From the data it emerges that at least 19 of the 44 settlements were built on private land, even after prime minister Menachem Begin decided in 1979 that the construction and expansion of settlements would take place only on state-owned land.
Peace Now has revealed here another act of hypocrisy, even though the Supreme Court is no longer impressed even by this: It did, after all, legitimize the construction of the settlement of Matityahu on land owned by inhabitants of Bil’in.
The known fact that settlements are built on private Palestinian lands combines all too well with the general civic and institutional Israeli perception to the effect that Palestinian lands that are not privately owned, or that lack proof of private ownership, belong to the Jewish people in Israel and the Diaspora.
Under the Israeli approach, which has expanded further since the Oslo Accords, any land that is not private was and remains suitable for Israeli development - for the benefit of the Jewish citizens of the state and for those who have the right to immigrate to Israel under the Law of Return. These are exactly the lands that constitute a considerable part of Area C (which is under Israeli military and administrative responsibility, and holds 60 percent of the area of the West Bank) and prohibited for any Palestinian development. It is on these lands, which are denominated “state lands,” that two-thirds of the settlements are built. No less illegally.
The discussion of whether West Bank lands are privately owned or not reverberates far more loudly than the discussion of Israel’s takeover of the Palestinian expanse by means of the closure policy. For example, since February 5, the army has once again severed the towns of the northern West Bank from the rest of the territory by means of roadblocks, and has forbidden males between the ages of 16 and 35 from leaving their towns. The media don’t report on this.
The discussion of private land reverberates well in the Israeli (and American) media because of the exaggerated sanctification of private property. And now, Peace Now must correct its initial report of October 2006, in which it was stated that 86 percent of the area of Ma’aleh Adumim is private Palestinian land. It emerges that only .05 percent of Ma’aleh Adumim is private land.
Nonetheless, this non-ideological Jewish settlement is among the most damaging to the Palestinians, and it reinforces the regime of apartheid roads: It cuts the northern part of the West Bank off from the southern part, and prevents Palestinian territorial contiguity. The road that leads to Ma’aleh Adumim will soon be closed to Palestinians, who will be diverted to a separate, narrow and winding road. This Jewish settlement has caused the banishment of many Bedouin from their lands and their ways of life. Together with the adjacent Jewish settlements and the separation barrier, it has taken over lands that had served the Palestinian towns and villages in the area, their natural reserve for development and expansion.
And so what if this is land that was not registered as private? Because of this robbery, these villages and towns have become crowded, choking neighborhoods that are cut off from the larger expanse.
The extensive work that Peace Now has invested in exposing the private ownership of lands is a mirror image of the extensive and systematic effort of Civil Administration experts to prevent inhabitants of the villages from cultivating their lands beyond the separation barrier.

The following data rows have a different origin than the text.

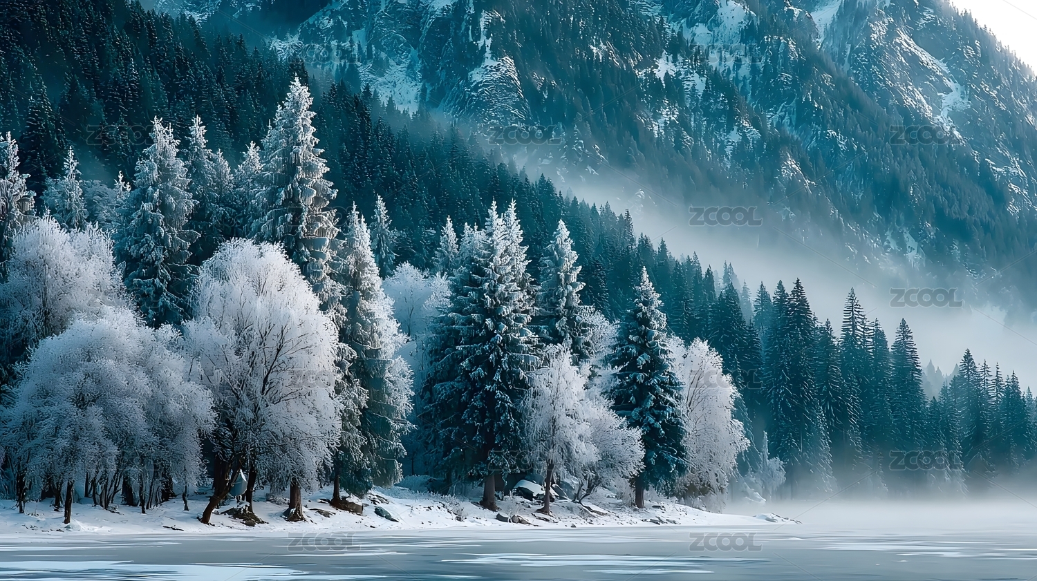 DXCZ202402,冬季,树木,河流,山峰,雪山,雪景,大雪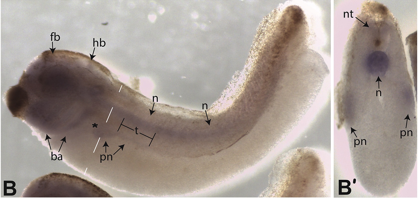 Larger Image gtpbp10 (GTP-binding protein 10 (putative)) gene expression in Xenopus laevis embryo, assayed via in situ hybridization, NF stage 36, lateral view, anterior left, dorsal up. This image is extracted from figure published in: Jerry R et al. (2019), Image published in: Jerry R et al. (2019) Copyright © 2019. Image reproduced with permission of the Publisher, Elsevier B. V.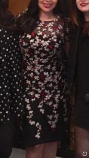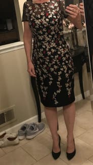 I wore this for an evening award event at work. It was perfect! Conservative but also very flattering. The embroidery was so beautiful. It was true to size and hit right at my knee. It was a little tight at the bottom so I had to be careful going up stairs but that was only one small negative. This is probably my favorite dress I have ever rented, wish I could have kept it!

They measure out for each individual his part in an inheritance and in accordance with this, they allot him the hours during which he may pass through the gate to harvest olives or to plow the land. They prevent shared cultivation of the land and calculate which of the siblings in a family is abroad so that, heaven forfend, his share of the land will not be cultivated by others.

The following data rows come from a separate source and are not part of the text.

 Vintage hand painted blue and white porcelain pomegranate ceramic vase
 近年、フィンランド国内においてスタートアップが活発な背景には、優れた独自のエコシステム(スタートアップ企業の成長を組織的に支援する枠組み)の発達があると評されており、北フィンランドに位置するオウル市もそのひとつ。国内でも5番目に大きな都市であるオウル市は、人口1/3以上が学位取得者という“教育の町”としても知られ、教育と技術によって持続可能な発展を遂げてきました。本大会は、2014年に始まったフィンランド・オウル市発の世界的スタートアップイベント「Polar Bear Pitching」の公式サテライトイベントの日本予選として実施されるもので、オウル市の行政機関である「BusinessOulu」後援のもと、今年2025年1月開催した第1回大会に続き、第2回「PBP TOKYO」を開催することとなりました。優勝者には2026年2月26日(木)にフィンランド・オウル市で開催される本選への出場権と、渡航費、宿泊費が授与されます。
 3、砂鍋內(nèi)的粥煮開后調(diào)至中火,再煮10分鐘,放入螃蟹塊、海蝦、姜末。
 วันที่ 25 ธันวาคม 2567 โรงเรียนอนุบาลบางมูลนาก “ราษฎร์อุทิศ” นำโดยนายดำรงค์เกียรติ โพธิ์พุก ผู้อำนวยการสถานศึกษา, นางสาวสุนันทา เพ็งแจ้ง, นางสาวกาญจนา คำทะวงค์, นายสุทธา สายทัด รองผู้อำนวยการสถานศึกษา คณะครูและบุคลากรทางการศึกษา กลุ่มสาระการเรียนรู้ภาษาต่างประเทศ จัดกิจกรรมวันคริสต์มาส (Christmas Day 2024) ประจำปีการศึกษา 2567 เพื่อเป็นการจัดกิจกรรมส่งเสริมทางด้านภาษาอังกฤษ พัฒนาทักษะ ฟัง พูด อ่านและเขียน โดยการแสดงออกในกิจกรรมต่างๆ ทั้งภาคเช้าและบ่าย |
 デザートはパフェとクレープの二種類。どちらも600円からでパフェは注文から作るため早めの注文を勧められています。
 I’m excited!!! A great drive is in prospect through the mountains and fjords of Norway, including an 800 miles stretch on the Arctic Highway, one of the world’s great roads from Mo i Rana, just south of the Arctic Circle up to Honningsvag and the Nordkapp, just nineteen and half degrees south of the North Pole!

All of this is a preliminary step to expropriate land that remains “without owners” and its transformation in the future into state land - that is, Jews’ land.
The exaggerated concentration on private ownership feeds into the Israeli denial of the fact that the Palestinians’ right is to all of the territory that has been occupied. Not as private individuals, but rather because they constitute an indigenous national group in this land.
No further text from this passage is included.